Submarine groundwater discharge constitutes a major component in groundwater budget. The amount of water discharged from the lower aquifer Q2 is approximately twice as large as in the case of the upper aquifer Q1. This can be explained by significant lateral inflow received by Q2 aquifer from the western boundary. In our model, the total groundwater discharge to the sea from Q1 and Q2 is 1286 m3/h, which corresponds to 92 m3/h per kilometer of the coastline. The flow rate varies from 58 m3/h/km in the upland areas to 152 m3/h/km in the river valleys. These values are in a good agreement with the results of previous studies related to groundwater outflow to the Puck Bay [35,36,37,67]. Ref. [35] reported the SGD rate in the same area ranging from 21 to 165 m3/h/km, with an average of 98 m3/h/km, while [37] estimated the SGD rate in the Reda river valley as 165 m3/h/km.

3.2. Transient Simulations of Flow and Nitrogen Transport

A summary of the main results obtained from transient flow simulations is presented in Table 4. We report the values of groundwater discharge and the corresponding load of N-NO3 leached from soil to groundwater, as well as the rate of groundwater discharge to Puck Bay and the associated loads of N-NO3, separately from Q1 and Q2 aquifers. All values represent averages for the whole simulation period (120 months).

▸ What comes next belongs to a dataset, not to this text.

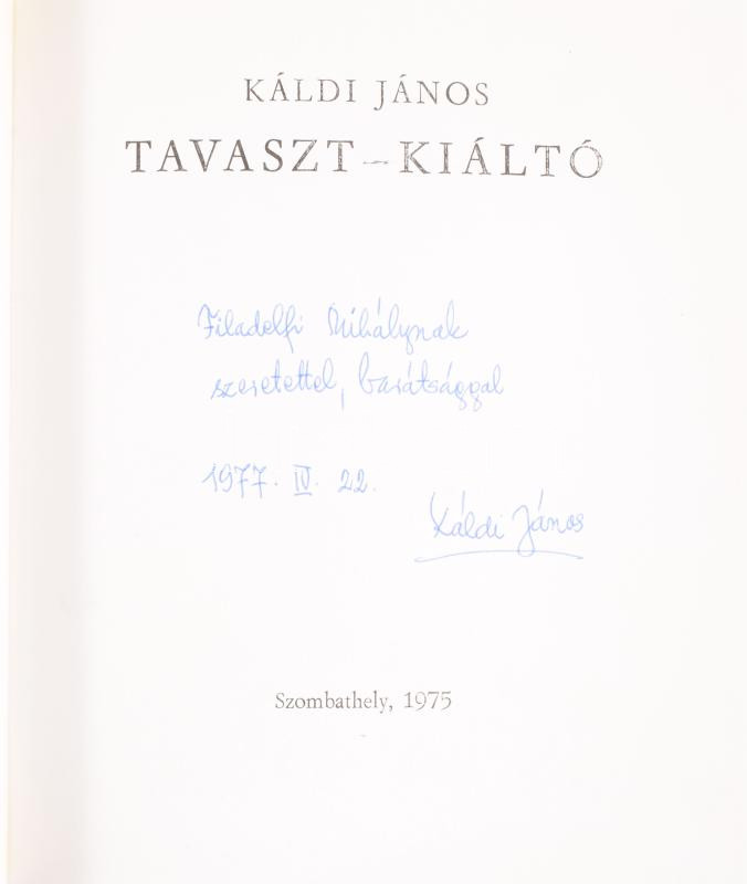 https://www.darabanth.com/en/514-Auction-philately-postcards-numismatics-artwork-books-colletibles-jewelry/515.0/Books/Books-Other-rarities~633/Kaldi-Janos-Tavaszt-kialto-DEDIKALT-Szombathely-1975-Vas-Megye-Tanacsa-Megjelent-1000-p~II3482502

Comparison of the average values of recharge and SGD for different scenarios indicates that the effect of changing the crop type within the current agricultural area (S2–S7) can be more pronounced than large-scale changes in land use (S8–S10). SWAT simulations predicted the minimum recharge for winter wheat (S2: 62 mm/y) and the maximum for peas (S7: 92 mm/y), which corresponds to a relative difference of about 50%. In contrast, the difference between land use types is smaller, with the maximum value of 85 mm/y corresponding to grassland (S9) and the minimum value of 71 mm/y to the forest (S10). The average SGD flow rates for various scenarios show a similar variability pattern as the values of recharge. The relative difference between maximum value (S7) and minimum value (S2) is almost 14% in the Q1 aquifer and 11% in the Q2 aquifer.

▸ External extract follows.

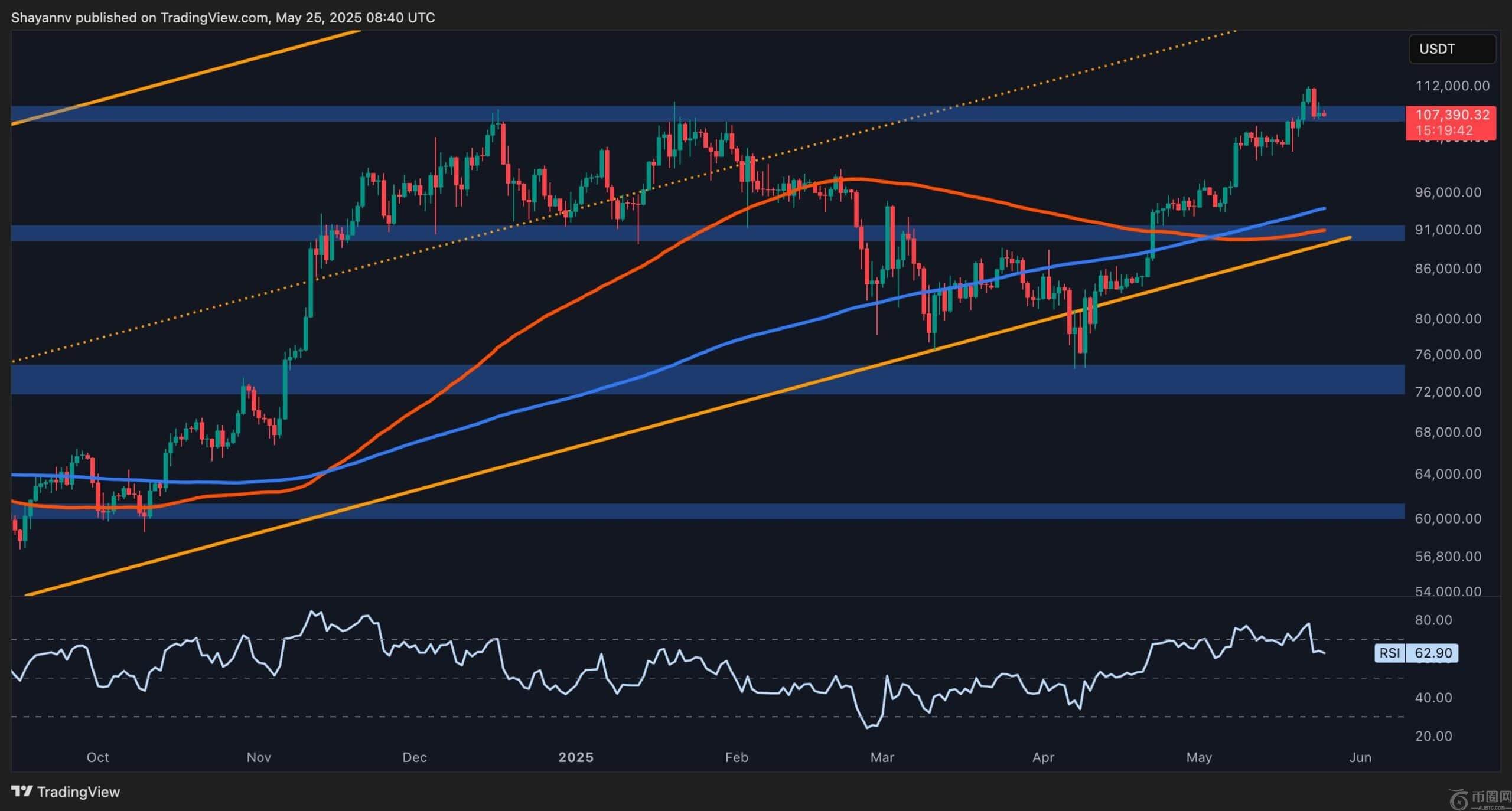 比特币已正式突破10.9万美元的历史高点,并在11.2万美元附近创下新高。这一突破凸显了强劲的买家兴趣,并凸显了持续推动本轮周期的看涨情绪。

The yearly nitrate loads obtained from SWAT for various crops (Table 3) are more varied than recharge values, ranging from 7.4 kg/ha/y for winter wheat to 30.5 kg/ha/y for canola. While in the case of winter wheat, the minimum load corresponds to minimum recharge, the opposite is not true for canola. Therefore, there is no simple relationship between the amount of recharge and nitrate load to groundwater, because the latter one strongly depends on crop type and agricultural practices. Overall, the amount of N leached to groundwater according to SWAT simulations is similar to the values reported in the literature for Poland [68] (5–15 kgN/ha/y for grasslands, 5–10 for forests, 20–45 for crops).
Considering nitrate loads entering Puck Bay from SGD, one can see that the relative magnitude of the load for various scenarios corresponds to the relative magnitude of nitrate leaching from soil. Variation in the N-NO3 load carried by SGD between scenarios is much larger that the variation in the SGD flow rate. The major part of the load (about 90%) is discharged from the upper aquifer Q1, despite the fact that its flow rate is about two times smaller than in Q2. This can be easily explained, as Q1 is closer to the ground surface and directly receives NO3 leached from soil.

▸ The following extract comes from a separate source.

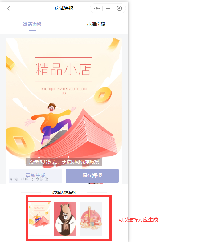 5.店铺海报:即当前登陆的代理,生成店铺海报,或者店铺小程序码的功能(此功能是代理身份才有的哦)

The results of transient simulations show significant time variation of the components of the groundwater budget and the associated nitrate loads. In Figure 4, Figure 5, and Figure 6, we show average monthly water and nitrogen fluxes in recharge and SGD, for scenarios S1 (baseline), S2 (winter wheat: Low recharge and nitrate load), and S3 (silage corn: High recharge and nitrate load). In most cases, a consistent pattern of seasonal changes can be distinguished, with maximum values in late winter/early spring and minimum values in early autumn. Such a variability is typical for Polish climatic conditions—the maximum corresponds to the period of thawing snow and the minimum to the late vegetation season. An exception can be observed in the very dry years of 2005 and 2006, for which there is no early spring maximum in 2006 in S1 and S2, due to higher water demands of plants in these scenarios.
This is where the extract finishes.